Le problème de la prise de stupéfiants dans les sociétés modernes n'a jamais été résolu et ne le sera probablement jamais entièrement, mais comme le souligne Nathalie Latour, "toute l'approche politique face à ce problème est restée sur des renforcements en grande partie sur le côté de la criminalité, avec des moyens supplémentaires pour la police et la justice. On a avancé de façon très timide sur ce qu'on peut appeler l'aspect "maladie" et donc tout le pan de la prévention, de l'éducation, de la façon d'en parler différemment, en allant vers les jeunes. Ces pans là ont été un peu plus dynamisés ces dernières années, mais il y a une sorte d'omerta sur ce sujet qui empêche d'atteindre correctement le public qui ne se reconnaît pas, particulièrement chez les jeunes."
La consommation de cannabis, surtout pour les publics jeunes, est un problème sanitaire réel puisqu'elle perturbe la concentration et les apprentissages, empêche un développement correct du cerveau et peut déclencher des pathologies mentales, ce que tous les professionnels de santé soulignent.
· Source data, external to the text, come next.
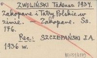 ZWOLIŃSKI Tadeusz 1946 Tatry i Zakopane w zimie. Krótki przewodnik narciarski [...].
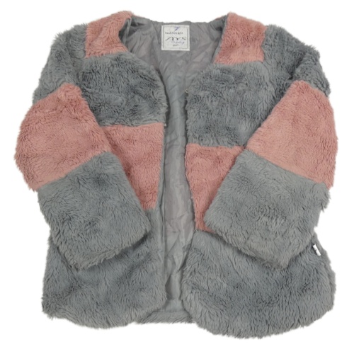Sivo-staroružová pruhovaná kožušinová podšitá bunda
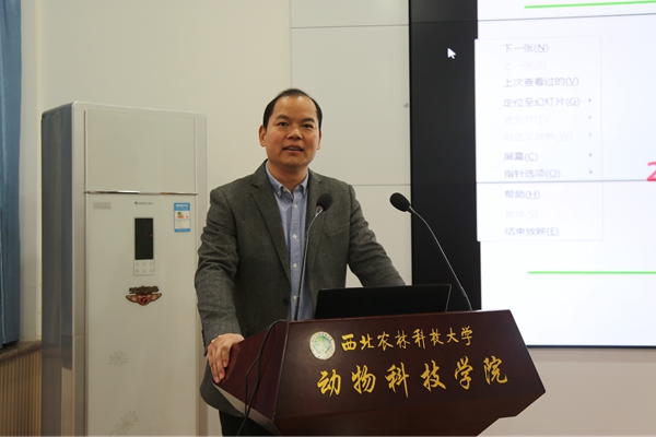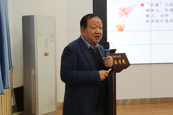 11月27日,澳门六合彩高手 在107会议室举办“非瘟背景下‘猪禽互动’与健康养殖”主题报告,家禽精准营养与健康养殖团队负责人高玉鹏教授应邀担任主讲人,100余名师生参加了报告会。会议由澳门六合彩高手 党委书记曹军会主持。
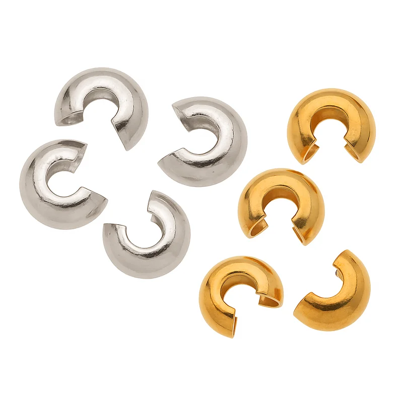 The 4 mm crimp covers (also known as bead covers), supplied in packs of 30 and available in silver or gold colours, are essential for jewellery makers. Perfect for hiding crimp beads, they are simply placed over and pressed with pliers. Nickel-free and easy to use, they give your handmade jewellery a neat and professional finish.
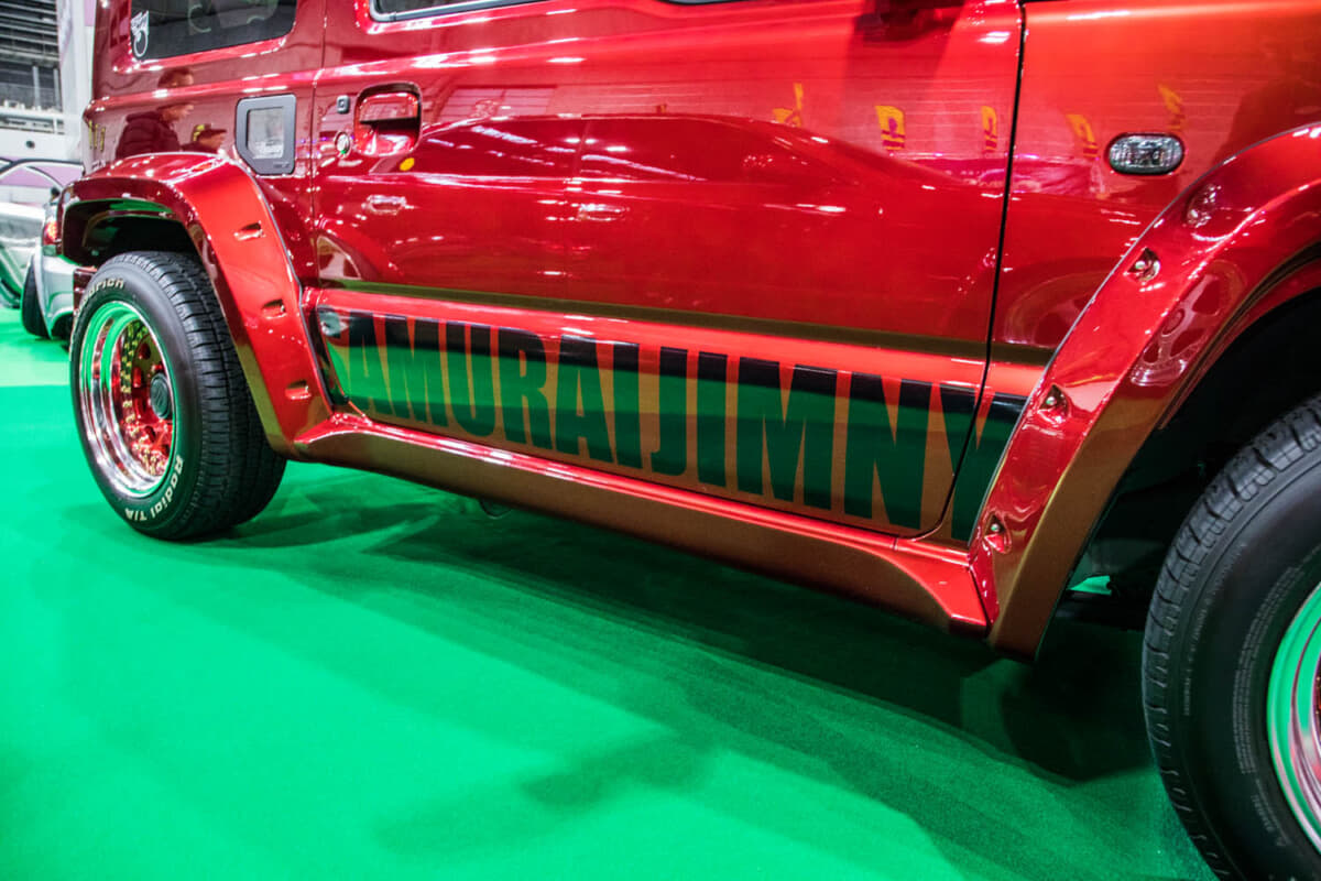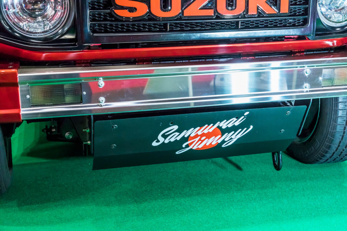 オフロード用の巨大なオーバーフェンダーを装着し、当時っぽいキャンディレッドで塗装されたボディの側面には、シャドーストライプ風に「SAMURAI JIMNY」のロゴが入る。またフロントグリルには巨大なSUZUKIスクリプトをボディ同色にコーディネートして装着。
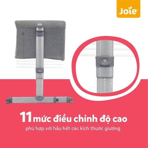 Được thiết kế với 11 mức điều chỉnh độ cao, nôi ngủ cạnh giường Joie Roomie phù hợp với hầu hết các kích thước giường nên ba mẹ không cần phải lo lắng về vấn đề mua nôi về nhưng lại quá cao hoặc quá thấp so với giường nhà mình.
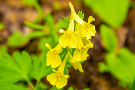 Blooming Golden Saxifrage Chrysosplenium alternifolium with soft edges. selective focus. Has healing properties. Yellow spring small flowers.
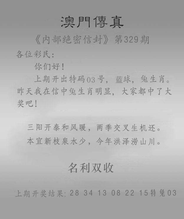 329期:澳门六合彩『澳门另传真』
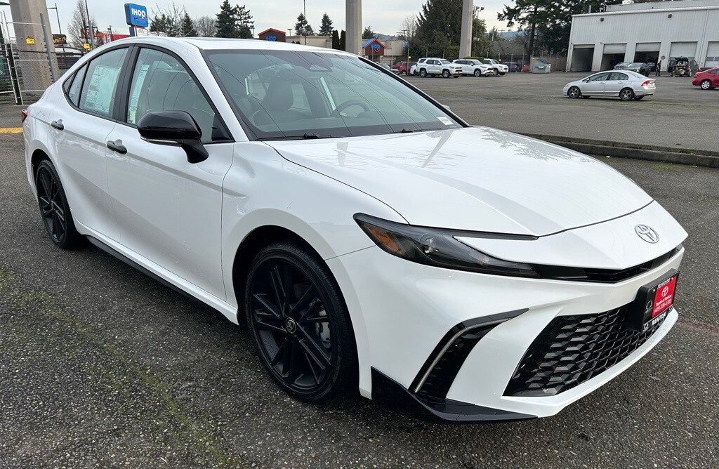 4-Wheel Disc Brakes, 6 Speakers, ABS brakes, Air Conditioning, All Weather Floor Protection, Alloy wheels, AM/FM radio: SiriusXM, Apple CarPlay/Android Auto, Auto High-beam Headlights, Auto-Dimming Rearview Mirror with HomeLink, Automatic temperature control, Brake assist, Bumpers: body-color, Cold Weather Package, Convenience Package, Delay-off headlights, Driver door bin, Driver vanity mirror, Dual front impact airbags, Dual front side impact airbags, Electronic Stability Control, Emergency communication system: Safety Connect (5-year trial), Exterior Parking Camera Rear, Four wheel independent suspension, Front Accent Lights, Front anti-roll bar, Front Bucket Seats, Front Center Armrest, Front dual zone A/C, Front reading lights, Front Seats, Fully automatic headlights, Heated door mirrors, Heated Front Seats, Heated Leather Steering Wheel with Paddle Shifters, Illuminated entry, Knee airbag, Leather Shift Knob, Leather steering wheel, Low tire pressure warning, Multimedia Upgrade Package, Nightshade Edition, Occupant sensing airbag, Outside temperature display, Overhead airbag, Overhead console, Panic alarm, Passenger door bin, Passenger vanity mirror, Power door mirrors, Power driver seat, Power steering, Power Tilt/Slide Moonroof, Power windows, Radio data system, Radio: 12.3" Toyota Multimedia Audio, Radio: 8" Toyota Audio Multimedia, Rear anti-roll bar, Rear Bumper Applique, Rear reading lights, Rear seat center armrest, Rear window defroster, Remote keyless entry, Security system, Smart Key System on Front Doors, SofTex and Fabric Seat Trim, Speed control, Speed-sensing steering, Split folding rear seat, Spoiler, Steering wheel mounted audio controls, Telescoping steering wheel, Tilt steering wheel, Traction control, Trip computer, Turn signal indicator mirrors, Variably intermittent wipers, Wheel Locks, Wheels: 19" Satin Black-Finished Alloy.2026 Toyota Camry SE Nightshade Ice AWD eCVT 2.5L 4-Cylinder 16V DOHCRecent Arrival! 46/46 City/Highway MPG

Le dernier rapport sur le cannabis explique d'ailleurs que la consommation de cannabis chez les jeunes double les risques de schizophrénie, crée des troubles anxieux, dépressifs et augmenterait le risque d'infarctus.
La modification de la législation obligerait les pouvoirs publics à mettre en oeuvre une forme d'éducation à l'usage du cannabis, une sorte de loi Evin du cannabis (…)Caroline Janvier, rapporteur LREM de la thématique "cannabis récréatif"
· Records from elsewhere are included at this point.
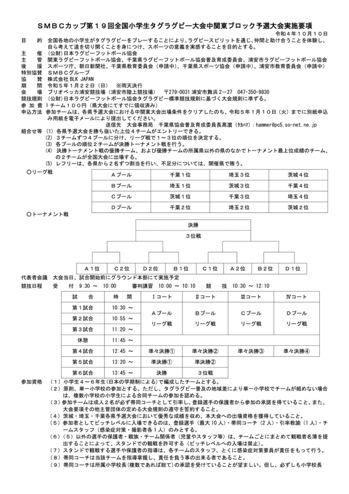 サントリーカップ第15回全国小学生タグラグビー選手権大会千葉県予選開催日程
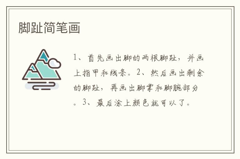 脚趾简笔画 知识分享 23年2月11日 编辑 童画 取消关注 关注 私信 1、首先画出脚的两根脚趾,并画上指甲和线条。 2、然后画出剩余的脚趾,再画出脚掌和脚腕部分。 3、最后涂上颜色就可以了。 No related posts. 本文内容由互联网用户自发贡献,该文观点仅代表作者本人。本站仅提供信息存储空间服务,不拥有所有权,不承担相关法律责任。如发现本站有涉嫌抄袭侵权/违法违规的内容, 请发送邮件至 2245678901@qq.com 举报,一经查实,本站将立刻删除。 给TA打赏 共{{data.count}}人 人已打赏
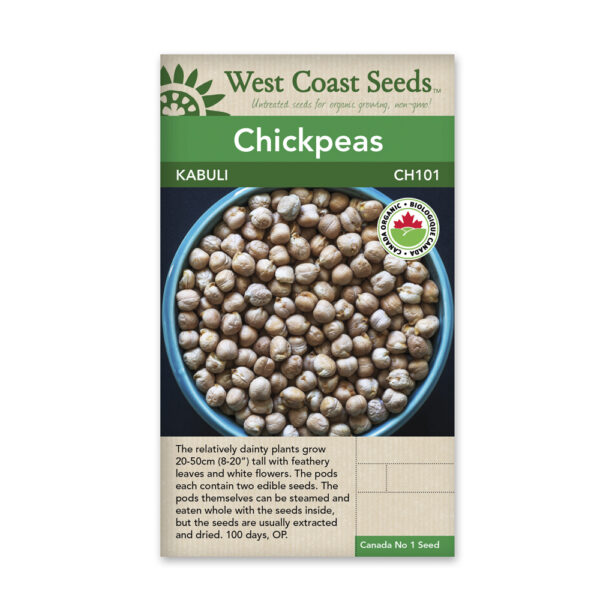 CERTIFIED ORGANIC! Cicer arietinum. The humble Kabuli chickpea is a staple food crop all over the world, and has been in cultivation for over 7,500 years. Its subtle flavour makes and excellent vehicle for garlic, herbs, and spices and it is an excellent source of protein, fibre, and minerals. The relatively dainty plants grow 20-50cm (8-20″) tall, with feathery leaves and white flowers that may be streaked with pink or blue. The pods each contain two (occasionally three) edible seeds. The pods themselves can be steamed and eaten whole with the seeds inside, but the seeds are usually extracted and dried. The seeds can be sprouted, dried, eaten fresh, and even pounded into gram flour (besan). As a legume, the plant fixes nitrogen in the soil, which makes it suitable as a cover crop or companion plant. Note that each plant only forms a few pods, so numerous plants are needed for large production.
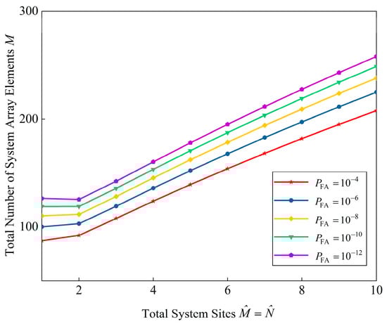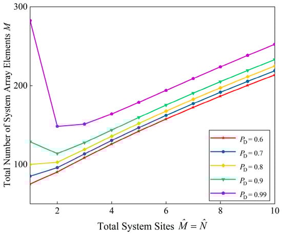 In Figure 13, the element volume of the radar system M curves versus system diversity . The optimal radar system design is given according to (42). Also, the result with respect to are all provided. Obviously, the higher the detection probability, the larger the amount of radar element required. When the exceeds 0.8, the number of required T/R array elements first decreases and then increases with the number of division sites. Herein, the optimal division site number is 2. Conversely, when is less than 0.8, the optimal array element configuration scheme is . That is, the PA-MIMO is configured as a phased-array radar without diversity.
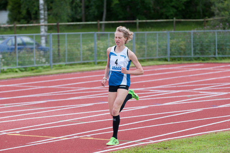 Klaara Leponiemi Lempäälän kisasta urakoi kaksi matkaa, tässä Klaara 3000 metrillä, jonka ainoa osanottaja hän oli. |
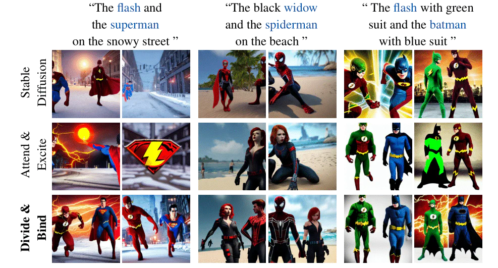 Emerging large-scale text-to-image generative models, e.g., Stable Diffusion (SD), have exhibited overwhelming results with high fidelity. Despite the magnificent progress, current state-of-the-art models still struggle to generate images fully adhering to the input prompt. Prior work, Attend & Excite, has introduced the concept of Generative Semantic Nursing (GSN), aiming to optimize cross-attention during inference time to better incorporate the semantics. It demonstrates promising results in generating simple prompts, e.g., ‘‘a cat and a dog’’. However, its efficacy declines when dealing with more complex prompts, and it does not explicitly address the problem of improper attribute binding. To address the challenges posed by complex prompts or scenarios involving multiple entities and to achieve improved attribute binding, we propose Divide & Bind. We introduce two novel loss objectives for GSN: a novel attendance loss and a binding loss. Our approach stands out in its ability to faithfully synthesize desired objects with improved attribute alignment from complex prompts and exhibits superior performance across multiple evaluation benchmarks.

Nathalie Latour explique donc que le but n'est surtout pas de banaliser le sujet, mais avant tout de sortir d'un discours univoque : "Quand on a des discours très marqués sur le cannabis, en disant seulement "c'est interdit" et en refusant d'en parler autrement, cela empêche toute forme de prévention. En tant que professionnels de santé nous ne sommes pas là pour banaliser cet usage, mais pour parler de la motivation de cet usage. Pour les adolescents il y a les motivations de la transgression pour passer à l'âge adulte, la fête, la détente. Ces motivations doivent être discutées." Sur l'aspect éducatif, la spécialiste précise qu'il est central pour endiguer et prévenir le phénomène : "Même si la consommation est toujours importante chez les moins de 18 ans en France, elle a quand même un peu diminué ces dernières années et nous nous en réjouissons. Les raisons que l'on observe pour expliquer cette diminution sont que les parents d'aujourd'hui ont eux-mêmes expérimenté le cannabis dans les années 90. La façon dont ils se positionnent par rapport à leurs enfants repose donc sur leurs propres expériences. En France, on a tout misé sur l'aspect pénal et pas du tout travaillé l'aspect de l'éducation, alors qu'il est central."
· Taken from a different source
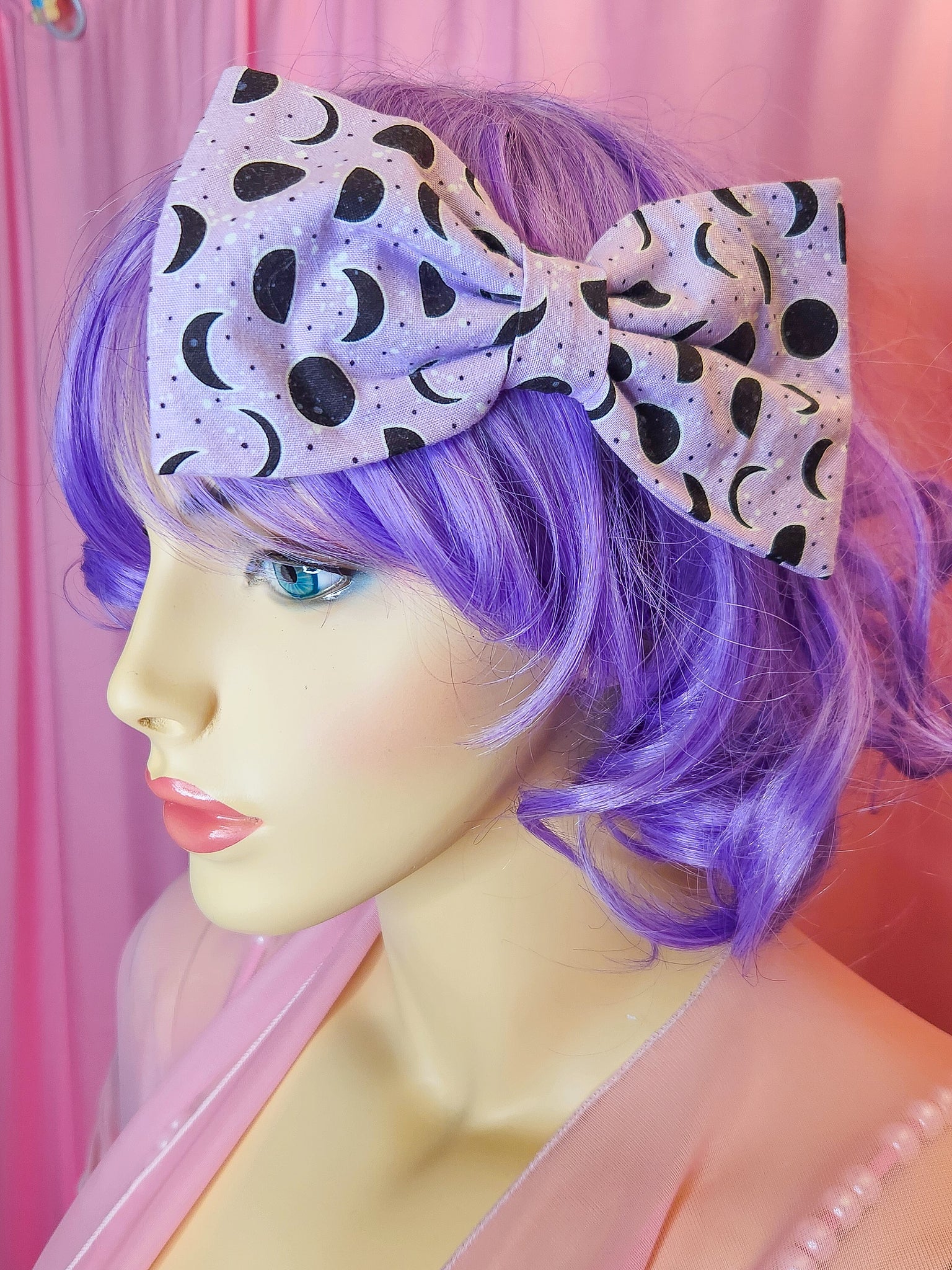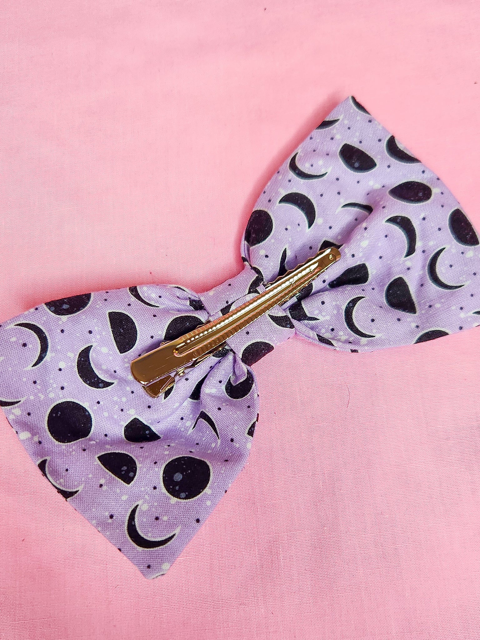 π MATERIALS: Lavender cotton fabric with a black moon phase print makes up this hairbow! Fastens with alligator clip. Wear in your hair, on your bags, or as a bow tie!

Le rapport présenté par Caroline Janvier explique que l'économie souterraine du cannabis "contribue très fortement à la hausse des violences au sein des quartiers défavorisés et entraîne une certaine déstructuration du lien social". C'est pourquoi l'élue LREM explique que la légalisation encadrée du cannabis permettrait "d'assécher le marché noir puis de permettre le développement d'actions de prévention, notamment en direction des plus jeunes". Caroline Janvier estime que la modification de la législation obligerait les pouvoirs publics "à mettre en oeuvre une forme d'éducation à l'usage du cannabis", une sorte de "loi Evin du cannabis", "pour déterminer les publicités admises ou non, définir les lieux où l'interdition de consommer subsisterait et maintenir des restrictions d'accès pour les mineurs." Dans son rapport elle explique par exemple que "la question de la publicité est fondamentale pour éviter que ne se développe une esthétique du cannabis incitant à sa consommation".
Cet éventail de réflexions et de propositions réjouissent Nathalie Latour : la Fédération addictions qu'elle représente demande depuis des années qu'un encadrement de la consommation du cannabis soit mis en place pour pouvoir prévenir les addictions et mieux accompagner les publics en difficulté avec cette substance. "Si la consommation de cannabis était légalisée et encadrée, les parents pourraient bien plus facilement en parler avec leurs adolescents, puisque la peur d'être jugé, condamné ou d'être considéré comme malade serait absente. De notre côté, nous savons qu'il faut que notre aide soit procurée le plus tôt possible, il faut donc que le minimum de freins soient présents pour permettre aux familles de venir en parler. Si l'usage du cannabis est fortement réprimandé il est évident que les jeunes évitent que cela se sache, se cachent et ont beaucoup de mal à aborder le problème. Pour les plus dépendants, ils passent le plus souvent à travers les mailles du filet et on les retrouve à 25-26 ans avec des problématiques de dépendances très importantes."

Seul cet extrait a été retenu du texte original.